Not to be outdone by the epic battle in The Dark Knight Returns, Frank Miller once again pitted Batman against Superman in his 2001 series The Dark Knight Strikes Again. Set three years after the events of The Dark Knight Returns, Batman once again resurfaces from a self-imposed exile to round up old friends to battle the totalitarian regime of Brainiac and President Lex Luthor. Frustrated with Batman’s heavy-handed approach, Superman attacks Batman and his army in the Batcave. With the aid of friends including The Flash, Green Arrow, The Atom, Catgirl, and a pair of kryptonite infused gauntlets, Batman subdues Superman in a battle that nearly destroys the Batcave.
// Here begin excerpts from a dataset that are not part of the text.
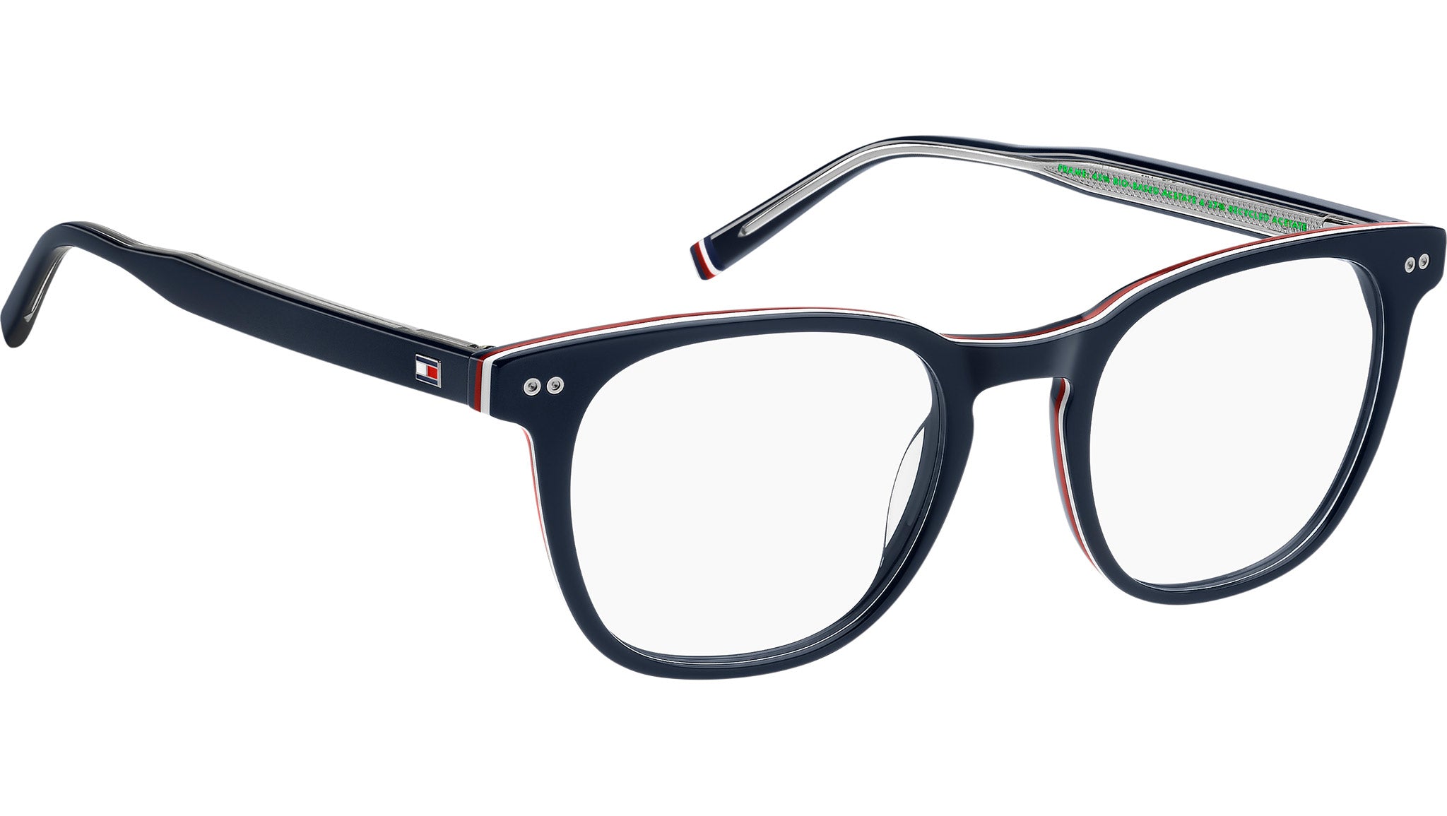 Gafas Tommy Hilfiger TH 2187 PJP con montura rectangular de acetato ecológico azul y lentes de muestra. El estilo preppy de Tommy Hilfiger es tendencia, y estas gafas para hombre no son la excepción. La marca apuesta por una mayor sostenibilidad, fabricando estas gafas en acetato renovado. Se realzan con elegantes detalles, como los dos remaches en la parte frontal, la inconfundible bandera en las patillas y la cinta en el extremo izquierdo. Están disponibles en colores clásicos o tonos de tendencia, incluyendo una opción multicapa. Línea de la marca: Modern Preppy. Código de estilo: 109415. Código de color: PJP. Distribuidor online autorizado de Tommy Hilfiger. Sus gafas incluyen el estuche y los accesorios originales, y cuentan con una garantía global de 12 meses.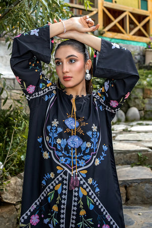 A stylish 1-piece long kaftan with a loose-fit cut, loop neckline, and chic printed tassels on the front. Perfect for effortless elegance and comfort.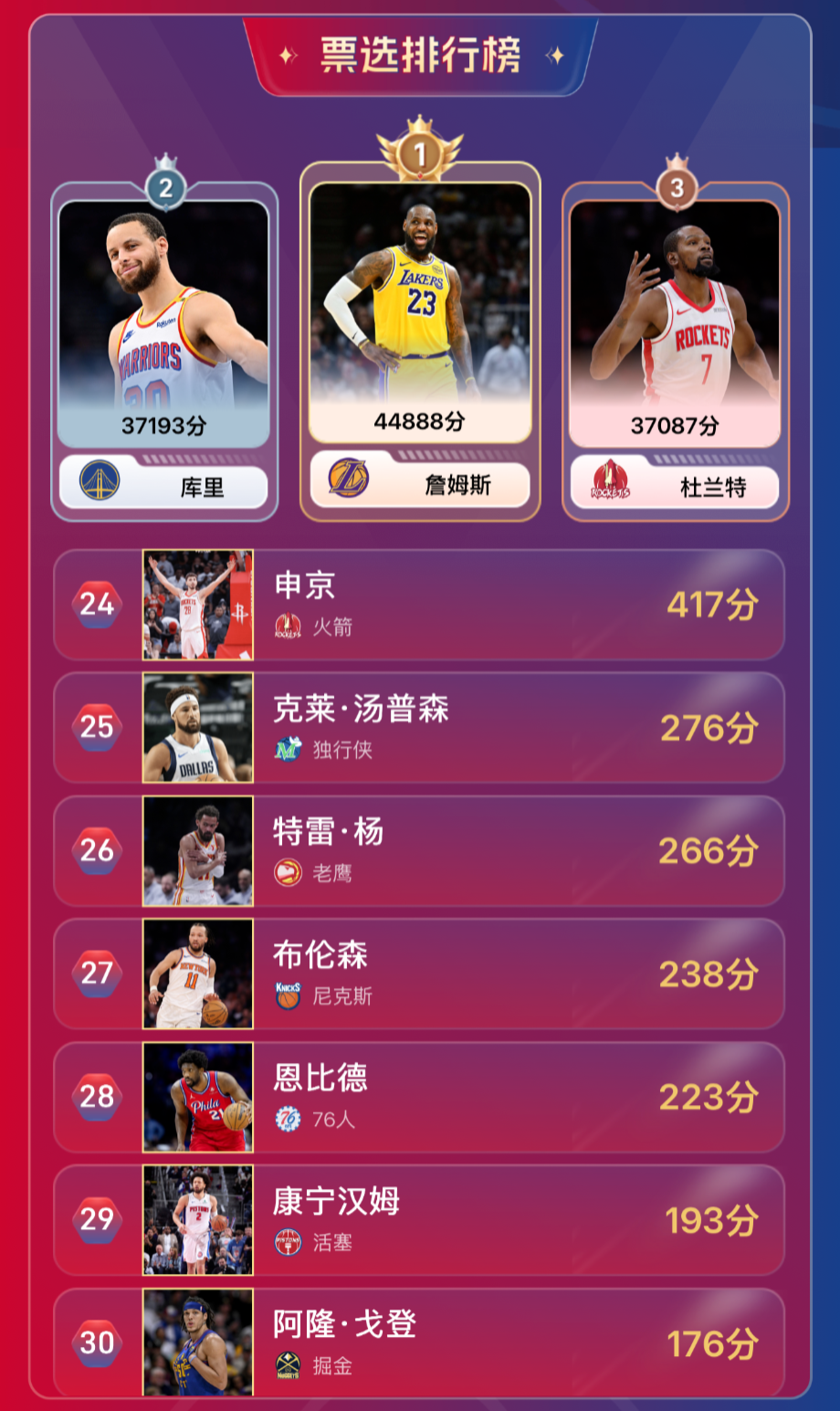 以下是本次NBA30大球星的具体排名情况,供球迷们参考和回顾: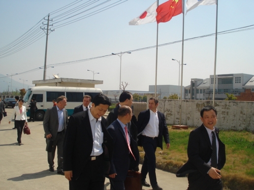 圖為莫夫昌副州長(zhǎng)(右2)一行在巢湖嘉誼朱玉倉(cāng)總經(jīng)理(右1)帶領(lǐng)下參觀工廠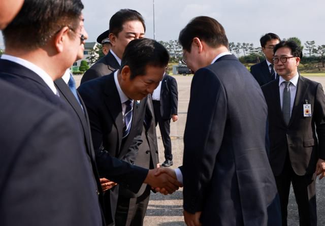 일본·미국 순방에 나서는 이재명 대통령이 23일 성남 서울공항에서 환송 나온 정청래(왼쪽) 더불어민주당 대표와 악수하고 있다. 연합뉴스 |
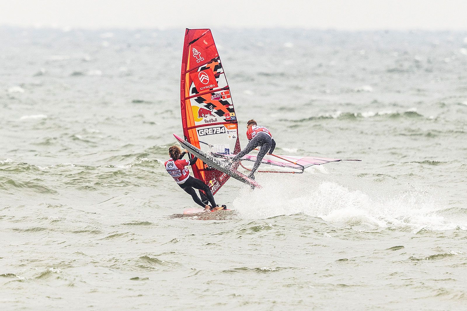 Sein größter Rivale um den Weltmeistertitel - Jacopo Testa (We One / Gunsails) - wurde im Halbfinale von Lennart Neubauer geschlagen. Auch dieser Heat war spannend und die Fans bekamen ein wahres Action-Feuerwerk geboten. Der stylische Italiener war ein weiterer Segler, der heute auf der World Tour einen neuen Move zeigen konnte: Er landete regelmäßig Double Air Shakas und begeisterte damit Publikum und Jury gleichermassen. Doch das reichte diesmal ebenfalls nicht, um Lennart Neubauer zu stoppen.

In 2003, Scottish writer Mark Millar set Batman and Superman on a collision course in his limited series Superman: Red Son, which is set in the Soviet Union. Superman is aiding the Soviet government in a “…a never-ending battle for Stalin, socialism, and the international expansion of the Warsaw Pact” when he is first noticed by the young orphan who becomes Batman. When Superman eventually takes control of the Communist party, using his powers to create a utopia in his beloved homeland–while using tactics such as electronic lobotomies towards anyone who opposes him—Batman wages a guerilla war against the Superman regime.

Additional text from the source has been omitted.